Opinión

Desollamientos

Se acaba de descubrir que los popolocas –uno de los pueblos mejicanos sometidos por los aztecas– no sólo sacrificaban prisioneros a los dioses, sino que los desollaban. El ritual se celebraba en la fiesta de Tlacaxipehualiztli. Se les hacía combatir como gladiadores o se les asaeteaba y, a continuación, se les arrancaban los cueros. Los sacerdotes se ataviaban con sus pieles. El hallazgo es tan macabro como el que hace años nos reveló, también en Méjico, que los xiximes cazaban rivales y los cocinaban en sopa de habas y maíz, que ingerían en rito caníbal. Los huesos se limpiaban y colgaban de los árboles para garantizar las cosechas.

Los misioneros jesuitas habían consignado en sus crónicas estas prácticas, pero los historiadores las despacharon por exageradas, hasta que los hallazgos en la Cueva del Maguey probaron los relatos en 2011. Se generó entonces cierto malestar, porque resultaba desfigurado el buenismo sobre el pasado indígena. Cuando se reduce la conquista a batallas cruentas o explotación colonial, se obvia que la cultura europea y el cristianismo ayudaron a superar prácticas bárbaras.

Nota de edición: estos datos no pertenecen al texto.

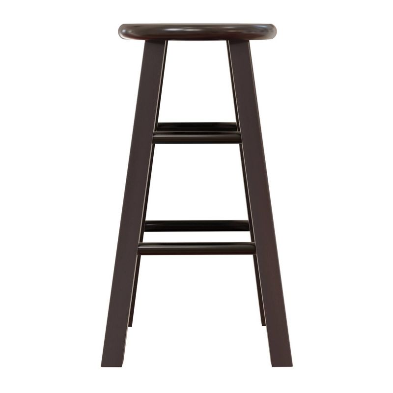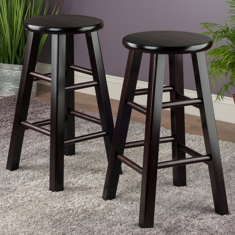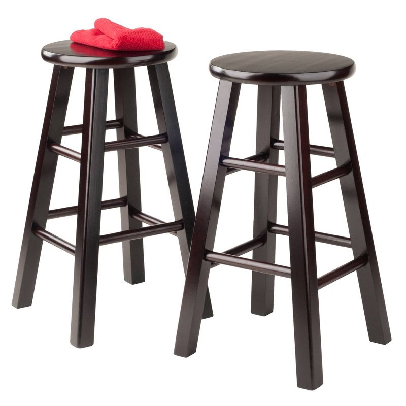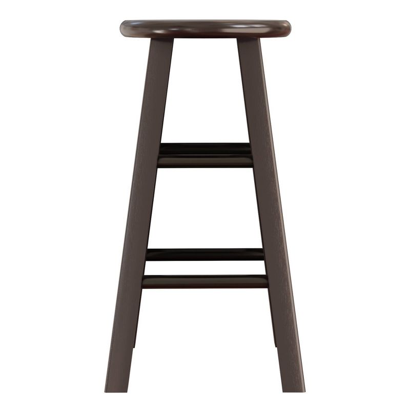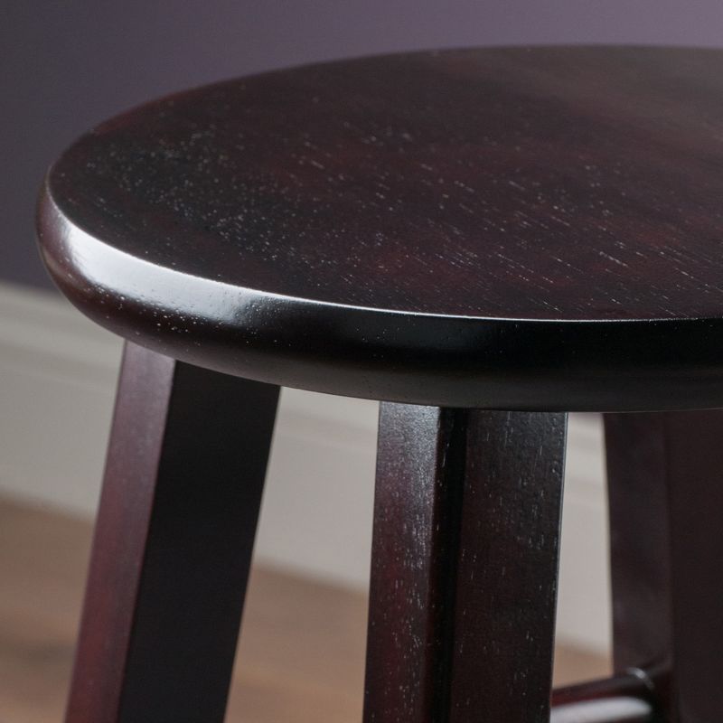 Pull your kitchen decor together with the Pacey 2pc Barstool Set from Winsome. These round barstools bring a simple yet timeless appeal to your space with a minimalistic design and wood construction. An espresso brown finish brings a touch of warmth to your counter or bar area, and family and friends alike will revel in the comfort of stretchers for their feet while they have a drink or munch on appetizers.

Por debajo del debate asoman los flecos del relativismo. Todas las culturas son interesantes, pero no todas son igualmente buenas, salvo que antepongas el interés etnológico al destino de las personas individuales. Naturalmente esto tampoco faculta a las potencias dominantes para el colonialismo. El indigenismo resulta estomagante en un tiempo en que el mestizaje es un hecho. No es sino una forma de justificar nuevas dominaciones de élites locales.